I agree with some aspects of all of these explanations. I agree the problem with the EZ is mostly a political problem inside each member country. I agree that the Taylor Rule, and most of its hybrids, is a bad rule. It is biased toward tight which, in my opinion, isn’t particularly beneficial for most economies and is especially incompatible with economies that are tipped toward socialist. But I also think that as a condition of EZ membership certain economic reforms were required with the intent that undertaking these reforms were for the benefit of the ascendants, not for the whole. In other words, Europe said, “We’re doing X with monetary policy, and if you want to join us you have to do A, B, and C – otherwise it will hurt,” and it did.
My general opinion is that despite the political problems in the EZ, if I were to peel back the layers of onion, the Taylor rule, and probably the price stability mandate is at the core for all of the EZ members. Germany, supposedly the crowned jewel of economic liberalism in Europe, currently has historically low unemployment at 5.6% but is growing at the pace of a turtle; hardly the sign that EZ monetary policy is good for even Germany. Just because a certain policy regime can be weathered under certain conditions, doesn’t make it optimal or even rational.
It all comes down to questions about why something like the Taylor Rule is the policy. If you’re the crowned jewel of economic liberalism and/or or flexible supply-side, then what is the worry about inflation? The rhetoric of Jens Weidmann, tells us everything we need to know about how important it really is (quotes and content from this Bloomberg March 12, 2015 article:
I remain unconvinced that the macroeconomic situation really warrants” quantitative easing, Weidmann, who heads Germany’s Bundesbank, said at the release of the institution’s annual report in Frankfurt on Thursday. “One especially problematic aspect is that the massive government-bond purchases will make the Eurosystem central banks the biggest creditors of the euro-area member countries. Fiscal policy and monetary policy will become even more closely entwined.”
The report said the German economy should grow “beyond its normal capacity utilization” this year and “perhaps even more strongly in 2016.”
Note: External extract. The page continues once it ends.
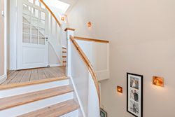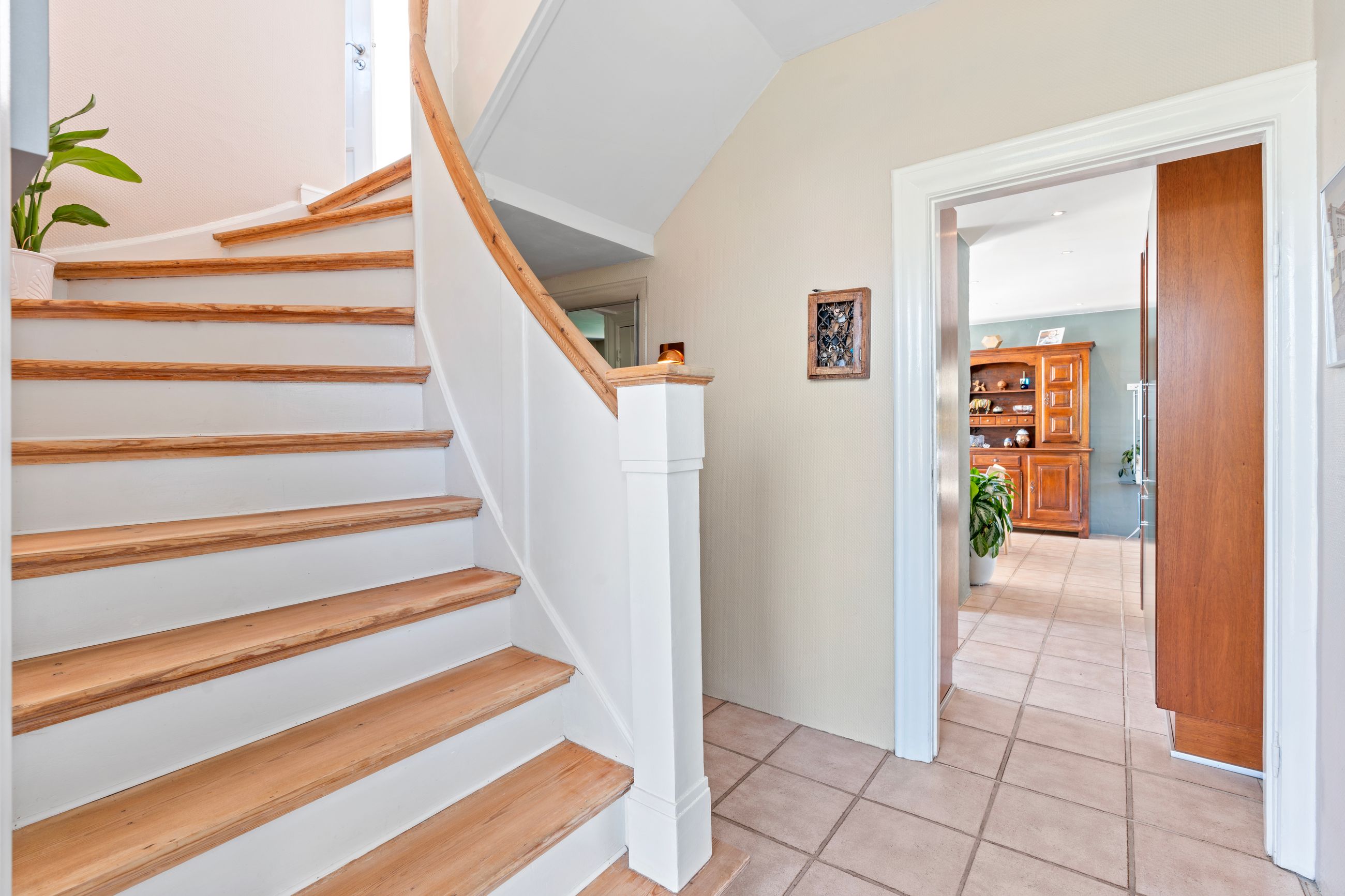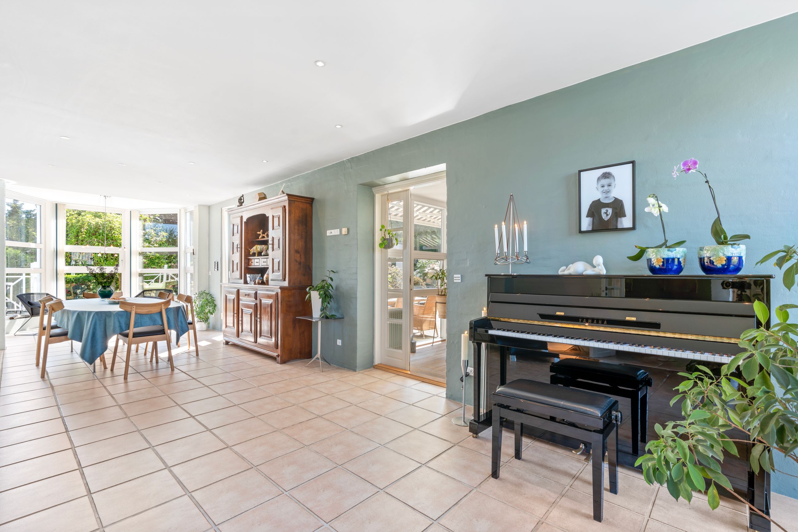 Man bliver budt velkommen i en skøn entré, der giver direkte adgang til husets hall. Herfra kan man tilgå

If capacity utilization grows in response to QE, then all of the fretting about inflation under the current circumstance is rather unwarranted. And so the benefit of strict adherence to price stability and a Taylor rule in all circumstances (or any at all, really) in the EZ seems questionable at best.
To put it another way, suppose we’re designing a currency regime for decentralized supply side governance. Would it make sense, just considering the basic political structure, to adopt price stability as a mandate and a Taylor Rule for monetary policy? I think it would not because out of 18 or 19 members, there are 18 or 19 different variations on supply side policy, some more radical than others. One would hope that the monetary regime would be designed to minimize the effects of supply shocks emanating from individual member nations, and a price stability mandate aggregates them instead. And this, I think, is what the argument in the EZ is all about: why should Germany have to suffer for Greek inefficiencies or why should Greece have to suffer for Germany’s conservatism – and so on – the basis of which comes directly from the price stability mandate and inflation targeting that are not optimal for decentralized supply side governance. The good news is that there are alternatives to providing a nominal anchor that do not single-mindedly focus on price changes.
I am not saying it’s an easy to problem to solve. My assertion is that it is possibly solvable and I see the people who have endured the utmost of hardship to keep their European dream alive. If the dream is worth that much pain, it is worth solving.